An involuntary civil commitment can follow service of a sentence, or other criminal disposition, when the offender "suffers from a mental abnormality or personality disorder that makes the person likely to engage in acts of sexual violence if not confined in a secure facility for control, care and treatment." N.J.S.A. 30:4-27.26. "[T]he State must prove that threat [to the health and safety of others because of the likelihood of his or her engaging in sexually violent acts] by demonstrating that the individual has serious difficulty in controlling sexually harmful behavior such that it is highly likely that he or she will not control his or her sexually violent behavior and will reoffend." W.Z., supra, 173 N.J. at 132. The court must address "his or her present serious difficulty with control[,]" and the State must establish that it is highly likely that the committee will reoffend by clear and convincing evidence. Id. at 132-33. See also In re Commitment of J.H.M., 367 N.J. Super. 599, 610-11 (App. Div. 2003), certif. denied, 179 N.J. 312 (2004).

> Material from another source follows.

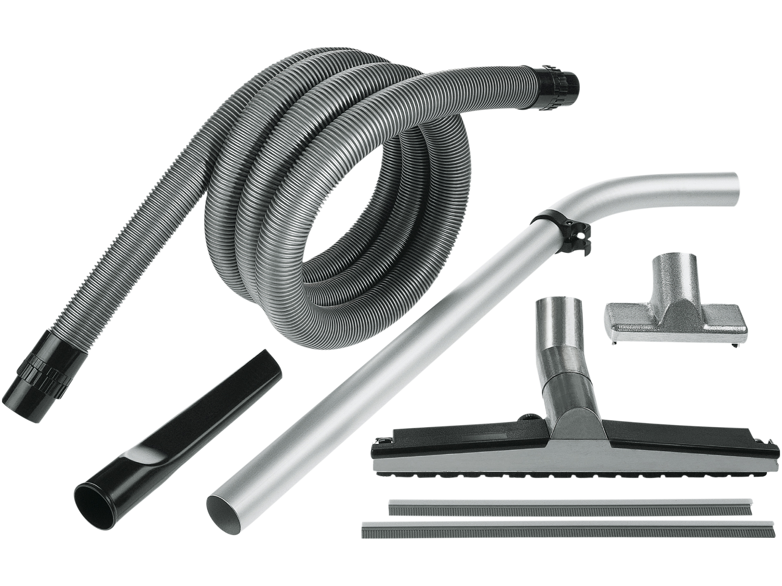Industrisæt til støvsuger. Sættet består af 6 dele (ø50 mm): 4 mtr. universal-sugeslange, 1 mtr. forlængerrør eloxeret, aluminium, 50 mm bredt gulvmundstykke i aluminium til tørsugning, ekstra læber til vådsugning, fugemundstykke i slagfast plast og aluminiums-børstemundstykke til grovsugning.

Once an individual has been committed under the SVPA, a court must conduct an annual review hearing to determine whether the committee will be released or remain in treatment. N.J.S.A. 30:4-27.35. The burden remains upon the State to prove by clear and convincing evidence that the committee continues to be a sexually violent predator, as defined in the SVPA and interpreted in W.Z., supra, 173 N.J. at 131-32. "[A]n individual should be released when a court is convinced that he or she will not have serious difficulty controlling sexually violent behavior and will be highly likely to comply with [a] plan for safe reintegration into the community." Id. at 130.

In reviewing a judgment for commitment under the SVPA, the scope of appellate review is "extremely narrow," and the trial court's decision should be given the "'utmost deference' and modified only where the record reveals a clear abuse of discretion." In re Commitment of J.P., 339 N.J. Super. 443, 459 (App. Div. 2001) (citing State v. Fields, 77 N.J. 282, 311 (1978)). See also In re Commitment of V.A., 357 N.J. Super. 55, 63 (App. Div.), certif. denied, 177 N.J. 490 (2003). "The appropriate inquiry is to canvass the . . . expert testimony in the record and determine whether the lower court['s] findings were clearly erroneous." In re D.C., 146 N.J. 31, 58-59 (1996) (citing Fields, supra, 77 N.J. at 311).

We are satisfied from our review of the record that the judge's findings are amply supported by substantial credible evidence. State v. Locurto, 157 N.J. 463, 470-71 (1999). We affirm substantially for the reasons stated by Judge Freedman in his oral opinion of June 25, 2008.